Cut salvia, veronica, and other tall bloomers down to the basal foliage.

Snip off yellowing or burned leaves and old flower stems on hostas and alchemilla mollis.

Divide and transplant spring- and summer-flowering perennials.

If you can find any good perennials on sale, buy them now and plant them!  Keep them watered if there isn’t rain.

Peonies, poppies and bearded iris are available for planting now.

ORDER YOUR BULBS if you haven’t already. Plant them!

Finish up small pruning jobs, but don’t do anything too drastic – you don’t want to stimulate lots of tender new growth right before the cold weather sets in.

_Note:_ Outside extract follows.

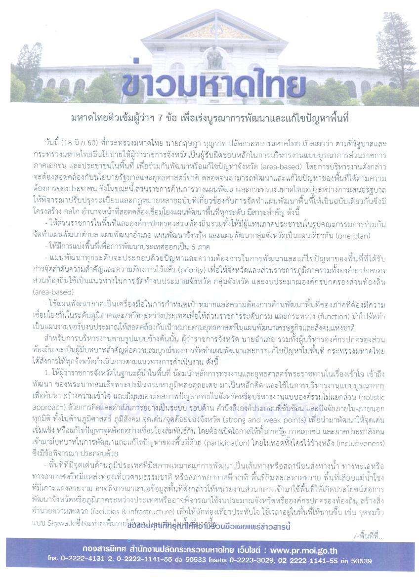 ข่าวมหาดไทย มหาดไทยติวเข้มผู้ว่าฯ 7 ข้อ เพื่อเร่งบูรณาการพัฒนาและแก้ไขปัญหาพื้นที่ โดย กองสารนิเทศ สำนักงานปลัดกระทรวงมหาดไทย 19 มิถุนายน 2017 19 มิถุนายน 2017 8 ยอดวิว ก่อนหน้า มหาดไทยแจ้งทุกจังหวัดส่งเสริมกิจกรรมออกกำลังกายในรูปแบบประชารัฐ เชิญชวนประชาชนร่วมกิจกรรมเพื่อสุขภาพดี ชีวีเป็นสุข ถัดไป มหาดไทยเอาจริงขบวนการค้ามนุษย์และการลักลอบ นำพาแรงงานต่างด้าวเข้ามาในราชอาณาจักรไทยผิดกฎหมาย สั่งทุกจังหวัดปูพรมกวาดล้างทั่วประเทศ หากพบเจ้าหน้าที่รัฐยุ่งเกี่ยวจะถูกลงโทษสถานหนัก บทความที่เกี่ยวข้อง มท.4 “ศศิธร” ลงพื้นที่ จ.เชียงใหม่ เปิ... 14 ธันวาคม 2025 “รมช.มท.ศักดิ์ดา” แถลง “ปิดกองบัญชาการ ปภ.ชาติ ส่ว... 14 ธันวาคม 2025 ผู้บัญชาการกองอาสารักษาดินแดน ขอบคุณและชื่นชมความเ... 13 ธันวาคม 2025 “รมช.มหาดไทย ศศิธร” เป็นประธานประชุมรัฐมนตรีอาเซีย... 13 ธันวาคม 2025 คกก.นโยบายลดอุบัติเหตุทางถนนแห่งชาติ เห็นชอบขับเคล... 12 ธันวาคม 2025 กระทรวงมหาดไทย บำเพ็ญกุศลปัญญาสมวาร 50 วัน อุทิศถว... 12 ธันวาคม 2025 สมเด็จพระกนิษฐาธิราชเจ้า กรมสมเด็จพระเทพรัตนราชสุด... 12 ธันวาคม 2025 รมช.มหาดไทย “ศศิธร” ให้การต้อนรับคณะรั... 12 ธันวาคม 2025 หอการค้าไทยและสภาหอการค้าแห่งประเทศไทย ยกย่องเชิดช... 12 ธันวาคม 2025

Similarly, stop fertilizing.  I know the big-box stores are selling “winterizing” fertilizer for the lawns.  That’s something else again. It is a good idea to give your lawn a nitrogen-heavy fertilizer (the first number) in October.  But anyway we are not talking about lawns, and we are not talking about October, so – to prevent a burst of tender new growth in your perennials and shrubs: stop fertilizing.

Bring your houseplants back indoors. Check carefully for pests.

When you’ve done all your chores, treat yourself to some fall annuals: chrysanthemums, asters and pansies.  Many of these will be labeled as hardy but they really aren’t; just accept that and then you can be pleasantly surprised if any do survive the winter.  You don’t need to spend a fortune. Just a few fall flowers right where you will see them every day will give you a lift.